§ **INFORMATION**
━━━━━━━━━━━━━━━━━━━━
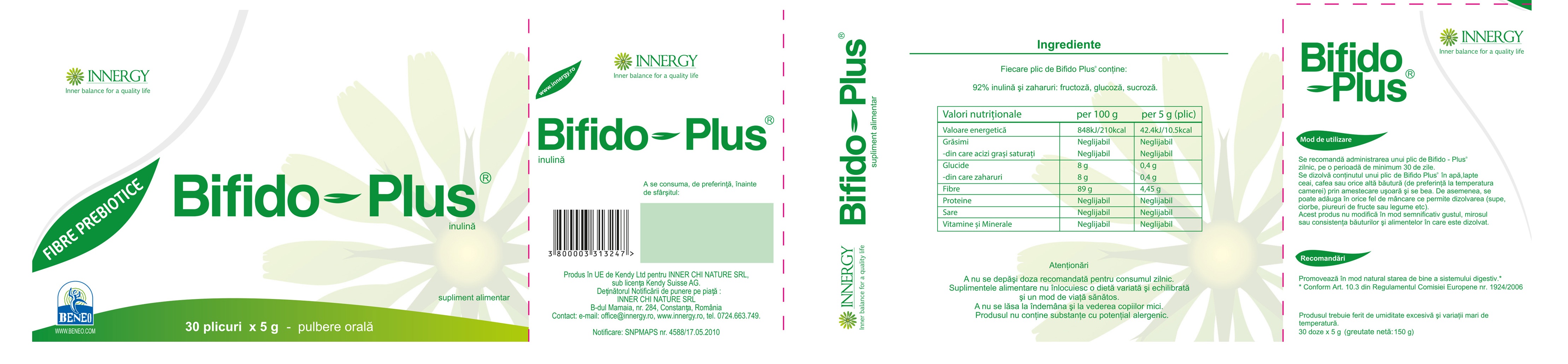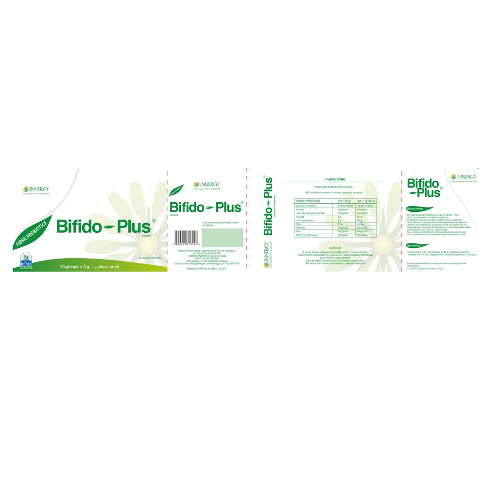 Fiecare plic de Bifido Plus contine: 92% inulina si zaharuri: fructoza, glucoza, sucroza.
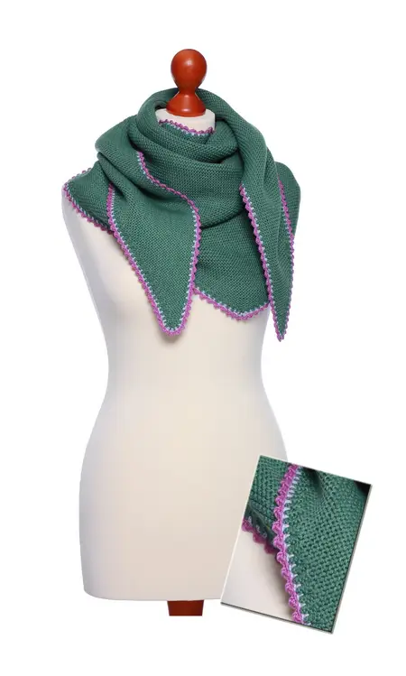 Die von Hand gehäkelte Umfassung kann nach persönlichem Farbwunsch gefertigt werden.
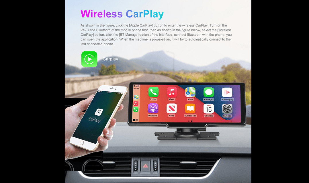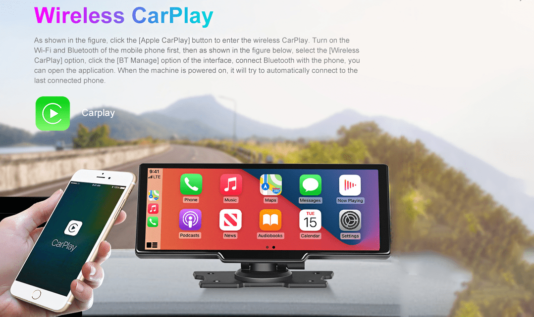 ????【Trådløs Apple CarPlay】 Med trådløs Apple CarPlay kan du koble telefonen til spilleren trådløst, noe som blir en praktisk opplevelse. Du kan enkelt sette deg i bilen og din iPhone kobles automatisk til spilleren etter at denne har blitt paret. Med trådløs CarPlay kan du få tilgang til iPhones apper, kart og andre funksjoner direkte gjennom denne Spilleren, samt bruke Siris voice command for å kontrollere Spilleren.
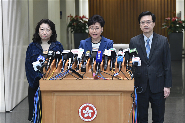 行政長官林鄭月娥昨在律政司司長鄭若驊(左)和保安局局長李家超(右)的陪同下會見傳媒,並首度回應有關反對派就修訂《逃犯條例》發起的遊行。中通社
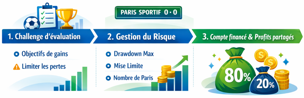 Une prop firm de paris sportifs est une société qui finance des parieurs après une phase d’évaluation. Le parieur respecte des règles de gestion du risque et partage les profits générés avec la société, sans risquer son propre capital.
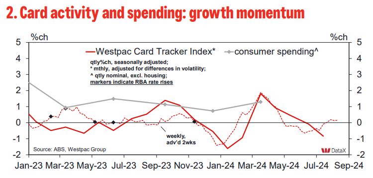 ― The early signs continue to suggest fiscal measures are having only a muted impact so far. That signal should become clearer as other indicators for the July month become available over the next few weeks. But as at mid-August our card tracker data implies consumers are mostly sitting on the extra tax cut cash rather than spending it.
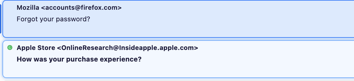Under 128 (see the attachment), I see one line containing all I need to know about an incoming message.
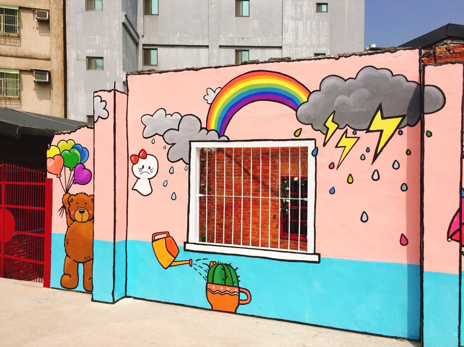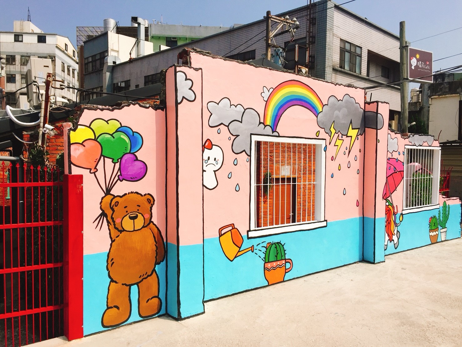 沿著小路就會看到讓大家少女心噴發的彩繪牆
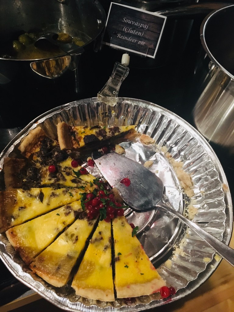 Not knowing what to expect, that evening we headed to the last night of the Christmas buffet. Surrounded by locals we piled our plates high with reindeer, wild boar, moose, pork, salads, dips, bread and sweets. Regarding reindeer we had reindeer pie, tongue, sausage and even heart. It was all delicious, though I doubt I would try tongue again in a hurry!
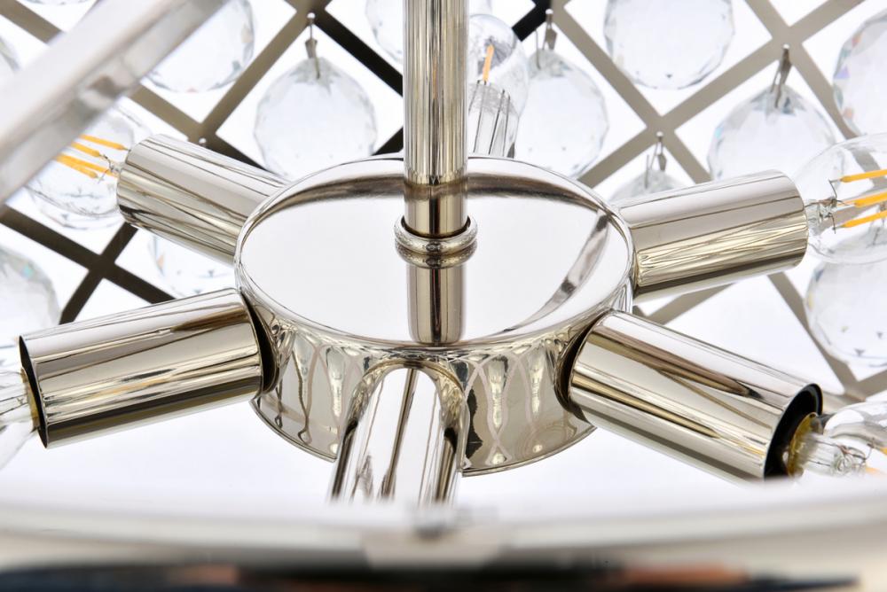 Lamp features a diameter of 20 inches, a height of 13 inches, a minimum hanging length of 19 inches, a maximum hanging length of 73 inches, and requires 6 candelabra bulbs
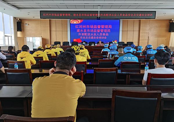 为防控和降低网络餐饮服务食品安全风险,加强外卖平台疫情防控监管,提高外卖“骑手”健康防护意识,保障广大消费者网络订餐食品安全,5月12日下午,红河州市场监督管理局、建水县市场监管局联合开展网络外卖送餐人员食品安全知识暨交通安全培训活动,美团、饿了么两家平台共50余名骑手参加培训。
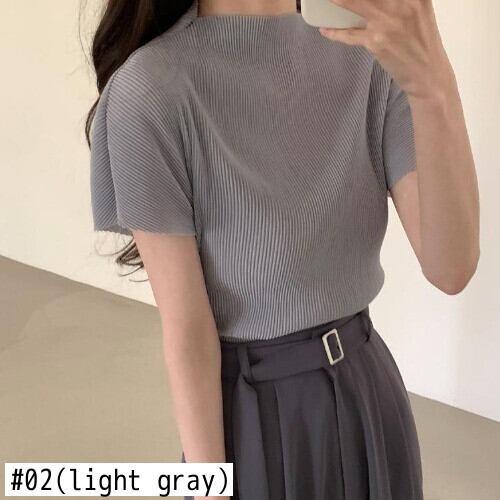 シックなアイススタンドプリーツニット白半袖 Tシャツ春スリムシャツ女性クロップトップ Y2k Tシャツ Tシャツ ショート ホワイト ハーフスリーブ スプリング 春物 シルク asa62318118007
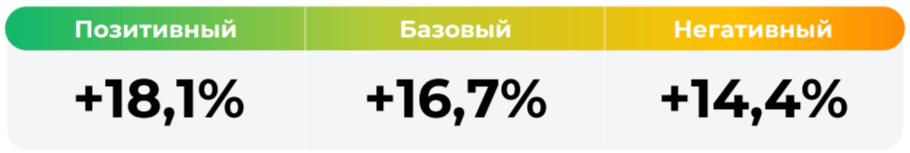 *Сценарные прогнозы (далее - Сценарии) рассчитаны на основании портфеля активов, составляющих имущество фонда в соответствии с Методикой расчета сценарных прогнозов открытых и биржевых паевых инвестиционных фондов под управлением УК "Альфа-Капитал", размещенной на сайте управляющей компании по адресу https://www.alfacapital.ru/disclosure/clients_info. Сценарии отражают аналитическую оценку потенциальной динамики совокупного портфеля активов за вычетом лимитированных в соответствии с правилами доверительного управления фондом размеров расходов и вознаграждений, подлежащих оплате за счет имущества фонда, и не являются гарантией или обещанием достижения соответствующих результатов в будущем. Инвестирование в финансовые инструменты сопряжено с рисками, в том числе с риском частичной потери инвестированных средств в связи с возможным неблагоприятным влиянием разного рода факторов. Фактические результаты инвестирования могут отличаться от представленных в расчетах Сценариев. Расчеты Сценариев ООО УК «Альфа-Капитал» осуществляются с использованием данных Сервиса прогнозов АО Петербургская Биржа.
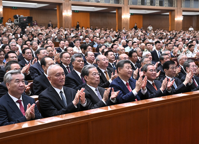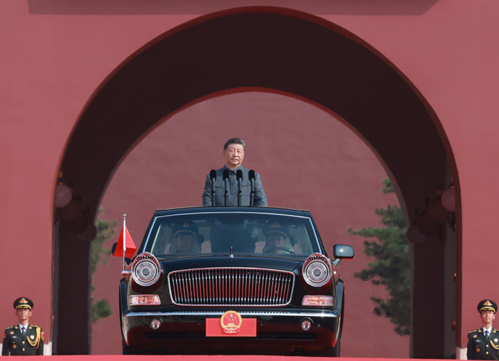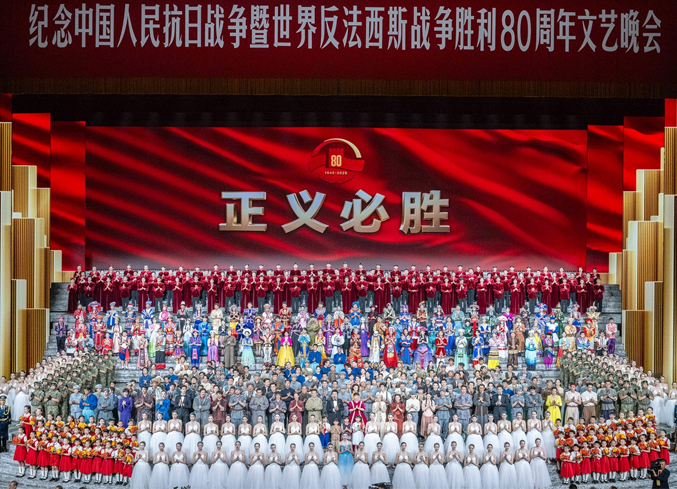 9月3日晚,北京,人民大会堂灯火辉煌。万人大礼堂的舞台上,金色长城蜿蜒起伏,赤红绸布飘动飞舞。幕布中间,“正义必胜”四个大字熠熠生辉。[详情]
━━━━━━━━━━━━━━━━━━━━
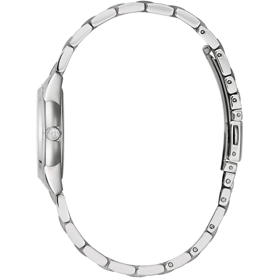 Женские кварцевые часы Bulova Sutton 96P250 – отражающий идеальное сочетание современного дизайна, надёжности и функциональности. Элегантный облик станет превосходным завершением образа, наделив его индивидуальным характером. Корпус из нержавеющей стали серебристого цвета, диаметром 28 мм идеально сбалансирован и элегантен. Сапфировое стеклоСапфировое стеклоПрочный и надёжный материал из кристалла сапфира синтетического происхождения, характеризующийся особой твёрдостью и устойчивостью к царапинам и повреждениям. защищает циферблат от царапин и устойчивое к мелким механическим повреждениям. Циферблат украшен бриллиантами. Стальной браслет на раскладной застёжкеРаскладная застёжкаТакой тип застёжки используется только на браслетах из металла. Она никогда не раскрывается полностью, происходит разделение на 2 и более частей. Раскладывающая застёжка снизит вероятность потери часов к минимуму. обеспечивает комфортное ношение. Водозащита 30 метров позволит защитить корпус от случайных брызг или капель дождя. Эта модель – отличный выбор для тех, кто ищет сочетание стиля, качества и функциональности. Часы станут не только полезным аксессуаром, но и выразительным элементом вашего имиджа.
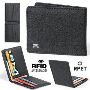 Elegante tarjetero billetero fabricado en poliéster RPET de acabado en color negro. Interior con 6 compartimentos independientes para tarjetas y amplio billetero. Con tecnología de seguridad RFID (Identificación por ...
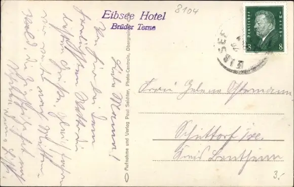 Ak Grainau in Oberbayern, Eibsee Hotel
━━━━━━━━━━━━━━━━━━━━
§ **DIRECTIONS FOR THIS TASK**
Print exactly the lines above that run from the one with "Lamp features a" to the one with "为防控和降低网络餐饮服务食品", both included. No pictures.

§ **REPLY TO THE EXERCISE**
 Lamp features a diameter of 20 inches, a height of 13 inches, a minimum hanging length of 19 inches, a maximum hanging length of 73 inches, and requires 6 candelabra bulbs
 为防控和降低网络餐饮服务食品安全风险,加强外卖平台疫情防控监管,提高外卖“骑手”健康防护意识,保障广大消费者网络订餐食品安全,5月12日下午,红河州市场监督管理局、建水县市场监管局联合开展网络外卖送餐人员食品安全知识暨交通安全培训活动,美团、饿了么两家平台共50余名骑手参加培训。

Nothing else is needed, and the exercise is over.